A commission, chaired by Justice Bernard Ngoepe, investigated the carnage at the stadium in Johannesburg and produced a report that ran to 130 pages, but concluded it did not have the authority to recommend any criminal proceedings.

As such, home side Kaizer Chiefs' Ellis Park management, who it was found argued with Amakhosi over the security arrangements, and other stakeholders, like the police, were never held to real account.

It could be argued that authorities failed to see the warning signs. Just months before the Ellis Park tragedy, police had shot at unruly supporters at Soccer City as fans became frustrated by the late sale of tickets on the day of the game, and the lack of an adequate number of cashiers to deal with the flood of supporters.

The other major tragedy involving the two clubs happened 10 years earlier in Orkney. A total of 42 fans died in the stands at the Harry Oppenheimer Stadium when one set of supporters began pelting another with objects and set off a stampede with disastrous consequences.

This time it was Pirates who got the blame.

Their fans were angry with a refereeing decision, throwing projectiles at opposing supporters and then rushing at them. It was a pre-season friendly, set up in the provinces to make money from a soccer-hungry mining community, and again the lack of foresight went unpunished.

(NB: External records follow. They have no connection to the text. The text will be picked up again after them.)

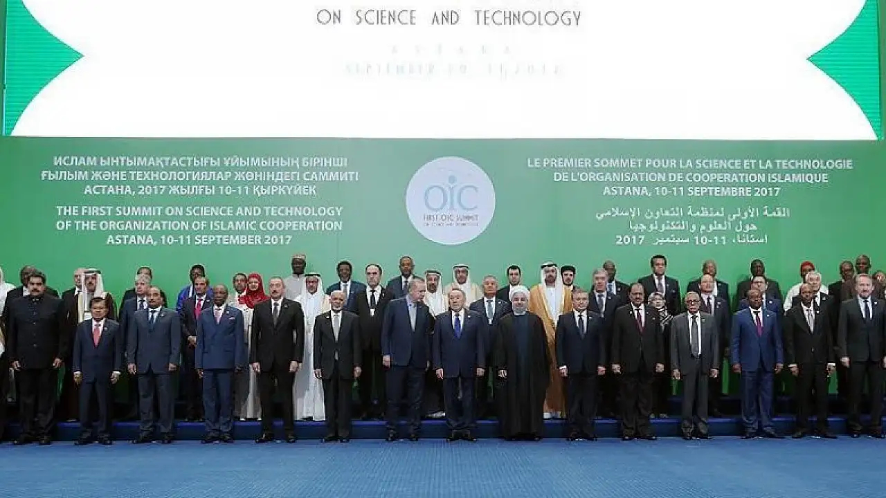 Cumhurbaşkanı Recep Tayyip Erdoğan, İslam İşbirliği Teşkilatı 1. Bilim ve Teknoloji Zirvesi'ndeki aile fotoğrafı çekimine katıldı.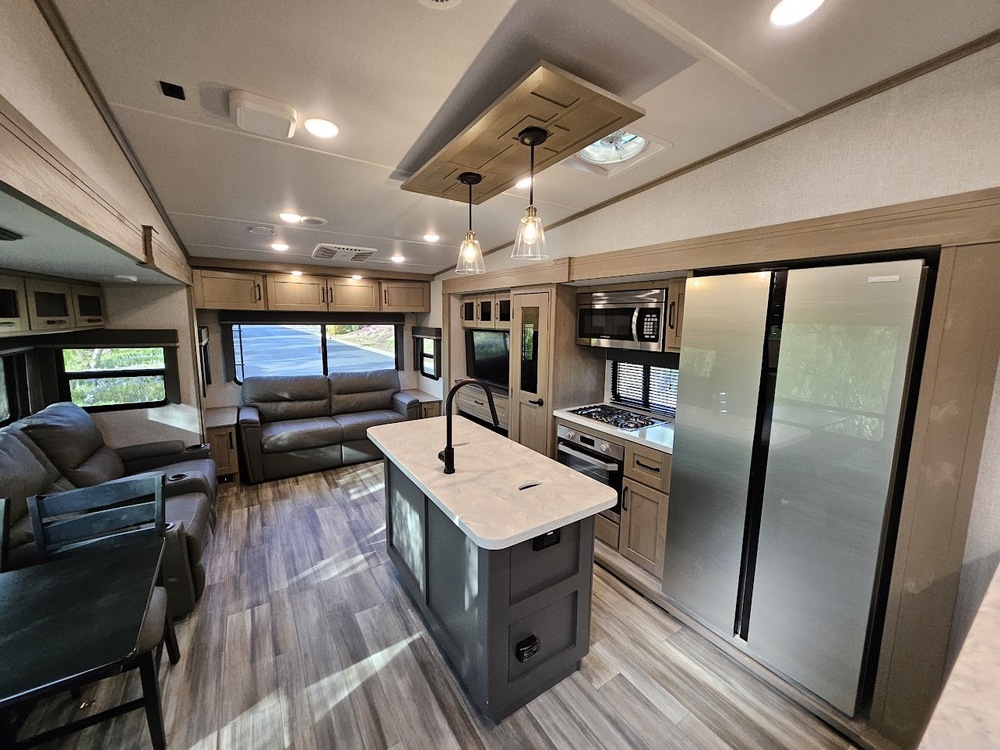 The 2023 Grand Design Reflection 303RLS is a top-of-the-line fifth wheel trailer that is sure to impress even the most discerning of travelers. The Reflection series from Grand Design is known for its luxurious amenities and high-quality construction, and the 303RLS is no exception. The spacious interior features a beautifully appointed living area, complete with comfortable seating, a large kitchen with an island and a 16 cu ft refrigerator. The bedroom has a king size bed and an adjoining bathroom.This model is perfect for couples or small families looking to travel in style and comfort. The 303RLS offers plenty of room for relaxation and entertainment, with features such as a flat-screen TV, theatre recliners with heat and vibration, a fireplace, and sound system. The large windows throughout the trailer let in plenty of natural light and provide stunning views of the surrounding landscapes.The exterior of the Reflection 303RLS is a a sleek design and high-quality materials that are built to last. Overall, the 2023 Grand Design Reflection 303RLS is a fantastic choice for anyone looking for a top-of-the-line fifth wheel trailer that offers luxury, comfort, and style.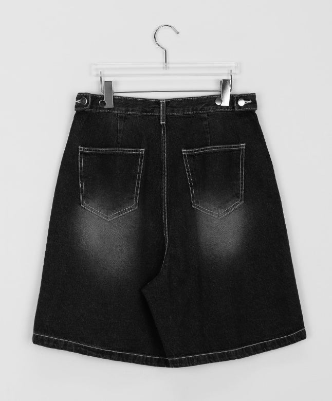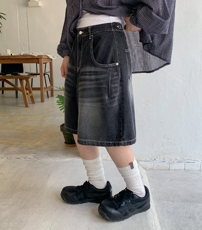 ミティキピンタックビジョブラックブルーバミューダデニムパンツ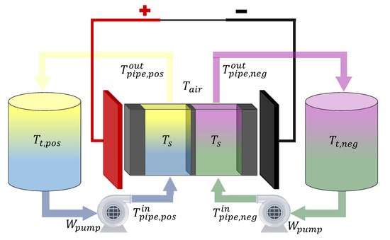 - Yan, Y.; Li, Y.; Skyllas-Kazacos, M.; Bao, J. Modelling and simulation of thermal behaviour of vanadium redox flow battery. J. Power Sources 2016, 322, 116–128. [Google Scholar] [CrossRef]

There was no judicial inquiry in 1991 but rather an investigation that football authorities themselves instituted, which delivered four excruciatingly obvious procedural points for future games.

One of them - that stairwells and walkways be kept clear of spectators during matches - is still often ignored in the Premier Soccer League.

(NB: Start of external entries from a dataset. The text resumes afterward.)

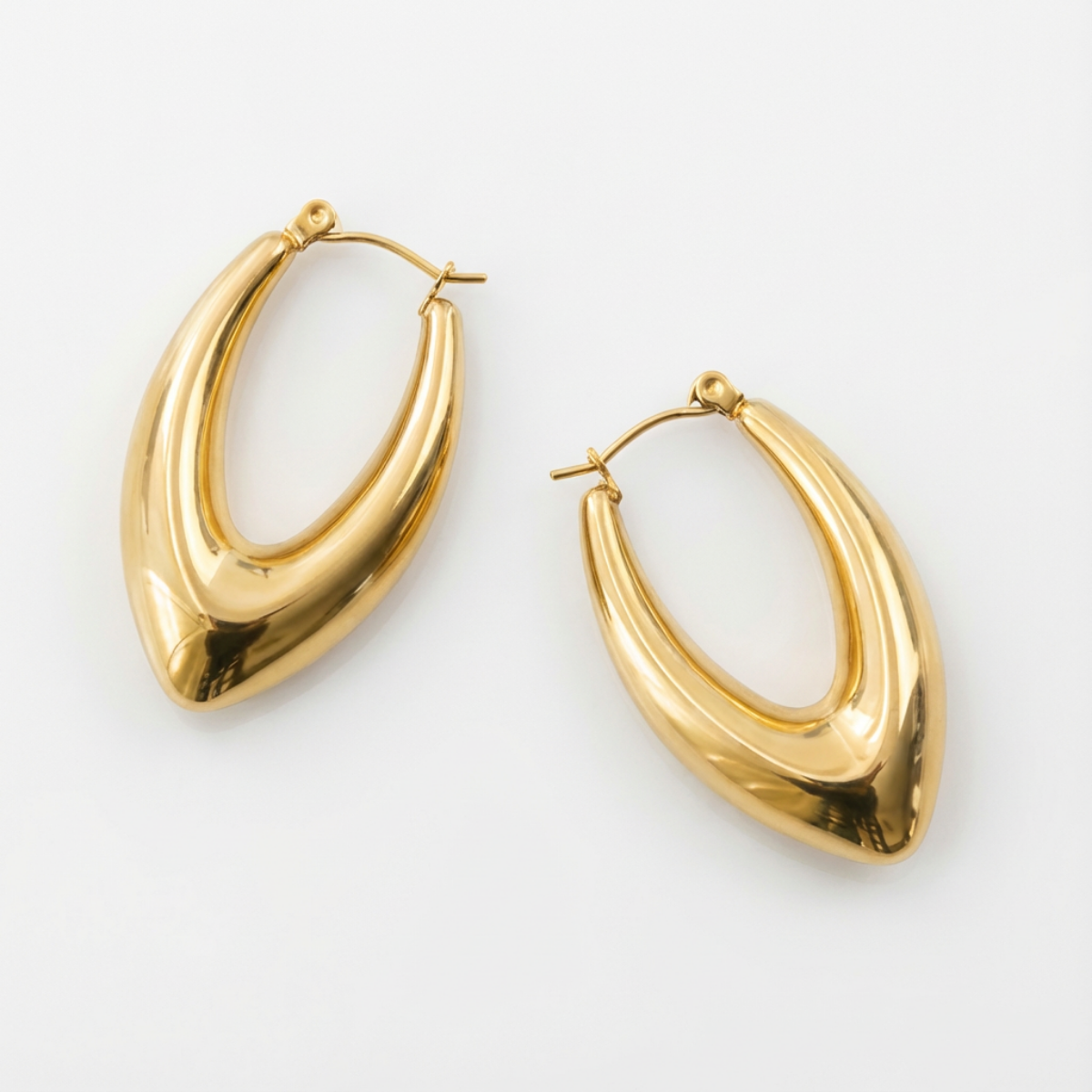 This earring is a modern take on the classic hoop. An 18k gold-plated stainless steel chunky geometric hoop design, it is crafted with thick hollow oval shape hoops that make for a comfortable fit that never gives up its cool style.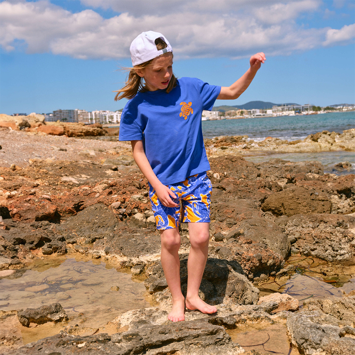 Plajda geçireceğiniz rahat günler için, rahat organik pamuklu jarseden üretilen bu çocuk tişörtünün ön kısmında göz alıcı bir baskı bulunuyor. Bu ürün koleksiyondaki şortlar ile mükemmel şekilde kombinlenebilir.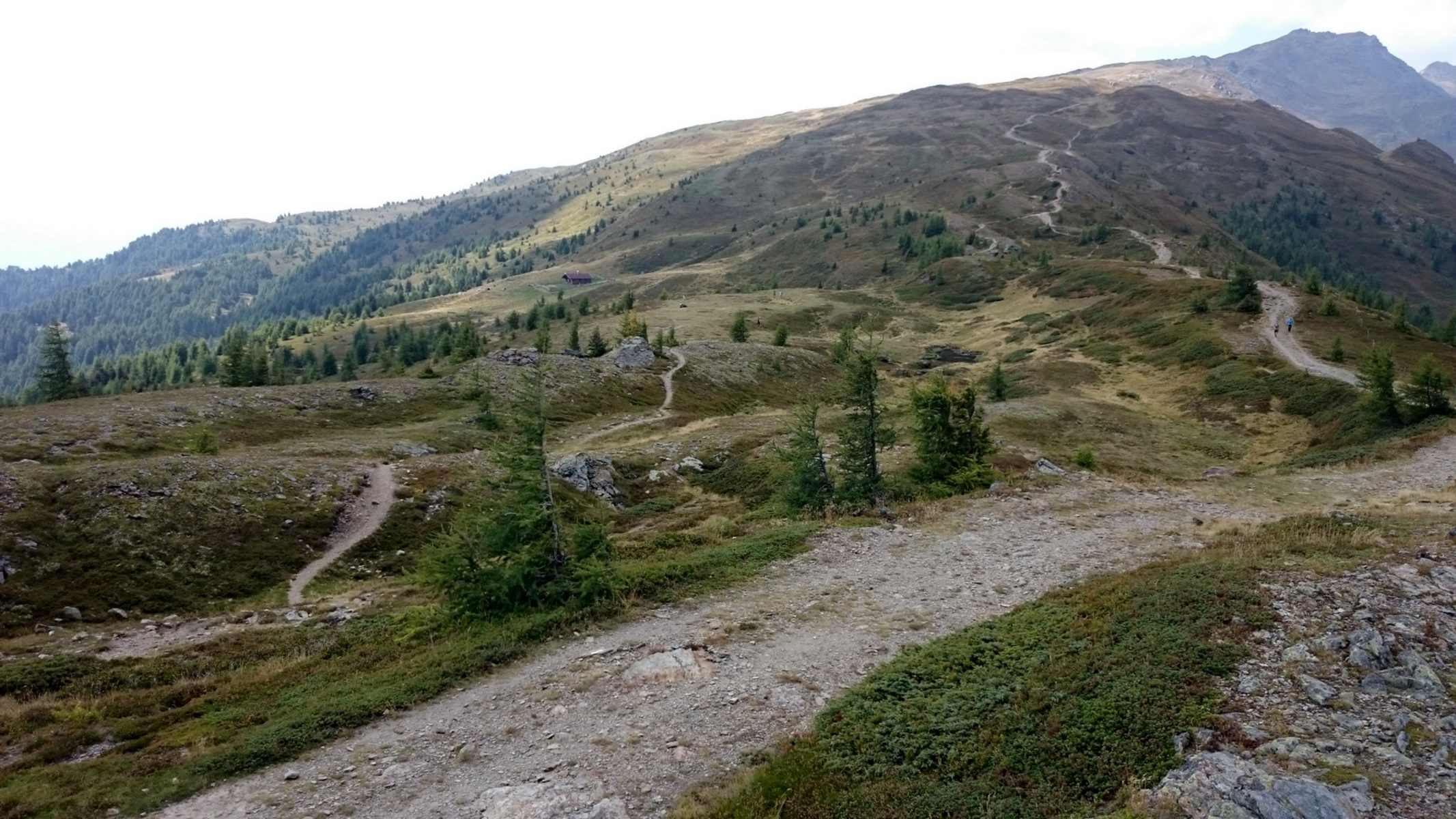 Gegen Ende lichtet sich der Wald und der Weg wird immer verwachsener. Gleich nach einer Kuppe geht es links einen unscheinbaren Trampelpfad hinauf. Nach gut 1.400 Hm in den Beinen fühlt sich das geschulterte Rad etwas schwerer an als gewöhnlich. Die letzten Meter sind wieder fahrbar, vorausgesetzt man hat noch genug Power und den nötigen Antritt. Am Hochsteinkreuz angekommen wendet man sich nach rechts und folgt dem breiten Wanderweg in Richtung Böses Weibele. Ein wunderschöner Single Trail führt zur Gampele-Hütte, die den Wendepunkt markiert. Ein Fahrweg führt zum Parkplatz der Hochsteinhütte, die wir nach kurzer Auffahrt erreichen.

In all, five matches between Chiefs and Pirates have been abandoned down the years for various reasons, and it took just eight games into their rivalry for the mayhem to start.

In the first leg of the Champion of Champions final in 1972, pitch invasions marred the fixture. Police dogs were needed to chase spectators from the field as missiles were also thrown and injuries reported.

In May that year, English guest referee Norman Burtenshaw had to flee for his life as fans rioted at the end of a 2-1 win for Chiefs in a league fixture; a game in which he was also struck by a beer can thrown from the stands. One fan, Selby Masemola, was stabbed to death after the fixture and another 27 injured.

The 1974 BP Top Eight Cup semi final between the clubs was abandoned after a crowd invasion as fans protested Chiefs' disallowed goal in 78th minute.

A riot, both inside and outside the venue, followed the easy 7-1 aggregate win for Chiefs in the 1975 Champion of Champions final.

A year later, in the same tournament, the situation was reversed as Chiefs fans brought a premature end to the match when Pirates were leading.

In 1979, top English referee Alan Robinson made his debut as a guest official in South African soccer and raised the ire of the Pirates supporters. He subsequently required a massive police escort both at half-time and at the end of the match to leave the field safely.

The interval lasted 40 minutes as irate Pirates fans tried to get at the referee and his linesmen, Lenny Fine and Joe Saitowitz.

Further incidents occurred in 1980, 1982 and 1985 that included a stabbing and an attack on an assistant referee.

With Chiefs and Pirates such massive brands in the context of South African sport, even as far back as the early 1970s, there has been a seeming unwillingness from authorities to bring them to book down the years.

On Saturday, another 90 000 fans will come together in Soweto for the latest instalment, and one can only hope that the headlines afterwards will focus on the action on the pitch, rather than the conflict off it.